A backlash rightly followed, with people and op-eds piling on how astonishingly tone-deaf this was especially at a time when Twitter is alleged to have helped stoke this genocide. People also took Jack to task for his patronizing attitude and by ignoring the real struggles of the people of Myanmar. Jack has been completely radio silent despite the massive outcry.

In spite of everything Jack Dorsey has his defenders and his apologists, with one person on Twitter insisting:

As for my take? What Dorsey’s defenders don’t realize is that this overwhelming backlash against Twitter’s CEO is a simple one: It’s funny

It is legitimately quite funny to see Jack Dorsey being piled on like this, and while it’s not a complex take, this is Jack Dorsey we’re talking about. When has this man – who has stood idly by while his platform has degraded into a complete sewer of death threats, bigotry and harassment and bot accounts – deserved the benefit of the doubt?

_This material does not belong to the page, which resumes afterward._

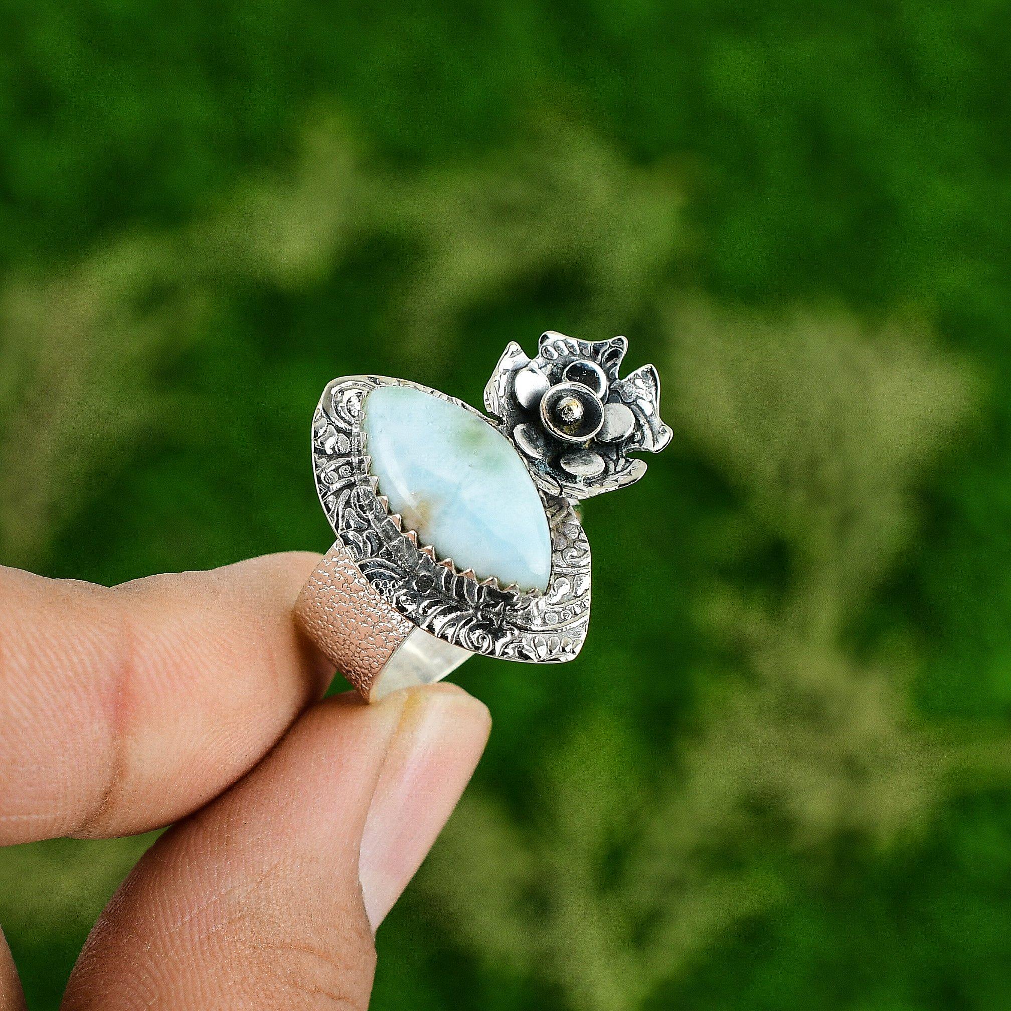 Свадебный подарок для нее Серебро 925 пробы Натуральный ларимар Кольцо-цветок с несколькими камнями Размер 8 8

Some, like the Twitter user above, genuinely believe that this was a personal story from a man speaking to people about meditative experiences. Even if that were true, so? If Jack Dorsey at no point considered the implications of writing about meditation tourism in a country his own platform is alleged to have encouraged genocide in he deserves the blowback from being so indescribably out of touch.

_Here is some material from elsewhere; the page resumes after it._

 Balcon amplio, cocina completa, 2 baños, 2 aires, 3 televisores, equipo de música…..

Dorsey has made his bed with this behavior, which has been an ongoing pattern. He’s obliviously promoted Chick-fil-A during Pride Month, tweeted about how much sleep he gets at night while embroiled in controversies over harassment of users, and reportedly overruled the ban of a conspiracy theorist who had been violating Twitter’s terms of use for years. 

Dorsey’s responses to these incidents and most of his efforts to address Twitter’s problems have been wishy-washy at best, with Twitter dragging its feet to ban bad actors. Twitter itself has only taken something of a harder stance after years of massive public pressure and moreso now that the specter of regulation looms over these companies.

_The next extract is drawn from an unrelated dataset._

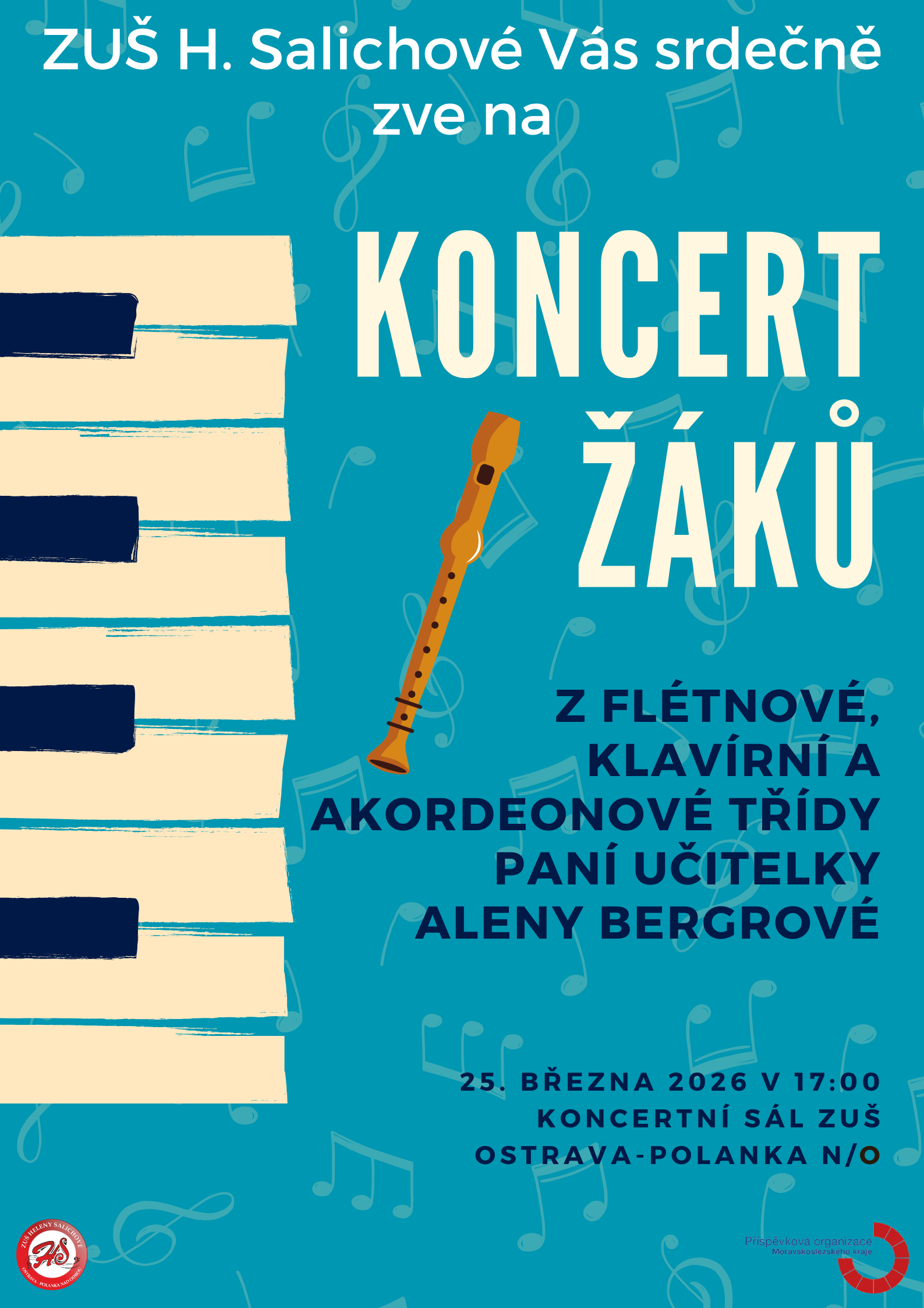 Srdečně Vás zveme na koncert žáků ze třídy paní učitelky Aleny Bergrové, který se uskuteční ve středu 25. března 2026 v 17:00 v koncertním sále ZUŠ v Ostravě - Polance nad Odrou.

Dorsey is far from the only issue here. Last year Twitter co-founder Biz Stone remarkably complained of being “piled on” over criticism of the platform.

In response several people including game developer Zoe Quinn and Mara Wilson responded with detailed arguments about how tone-deaf this was and were subsequently met with more radio silence.

With all of this in mind, I don’t care that Jack Dorsey can’t talk about his meditative tourism without backlash because he doesn’t deserve any benefit of any doubt. By this point we should be through giving multibillion dollar executives of companies “a chance” when they won’t clean their backyard.

Of course, any personal harassment lobbed at anyone within Twitter – be it Jack Dorsey, a PR rep or anyone within Twitter’s machine – isn’t just uncalled for, it’s a waste of your time. You’re not only contributing to the toxicity Dorsey, Stone and Twitter’s other leaders allowed to happen but you’re completely part of the problem.

That being said, flooding Dorsey with replies to tweets like his Myanmar ones, mass downvoting his speeches on YouTube and making snarky replies to unrelated personal tweets about Twitter’s harassment problem is not only fair game, but it’s funny, because this is Dorsey, Stone and others reaping what they sowed.

I will always appreciate what Twitter has done for me and others. I’ve met wonderful people, developed new business and even gotten tech support when I needed it most. I’ll even say it’s still an extremely valuable business tool for the companies that can spend the time and effort on it.

Even so, that doesn’t excuse the negligence Dorsey and his team are responsible for. They’ve allowed harassment and bigotry to flourish unchecked on their platform for years, so it’s now only frigging hilarious to watch a multibillionaire CEO act like he’s going off the grid – while wearing his Apple Watch – and subsequently get flooded with snarky replies over it.

Twitter and other social media giants are walking a very fine line right now as they’ve been accused of being vehicles of political manipulation and election meddling. Times like these need strong leadership – and it’s time Jack Dorsey, Biz Stone and others at least acted like the part.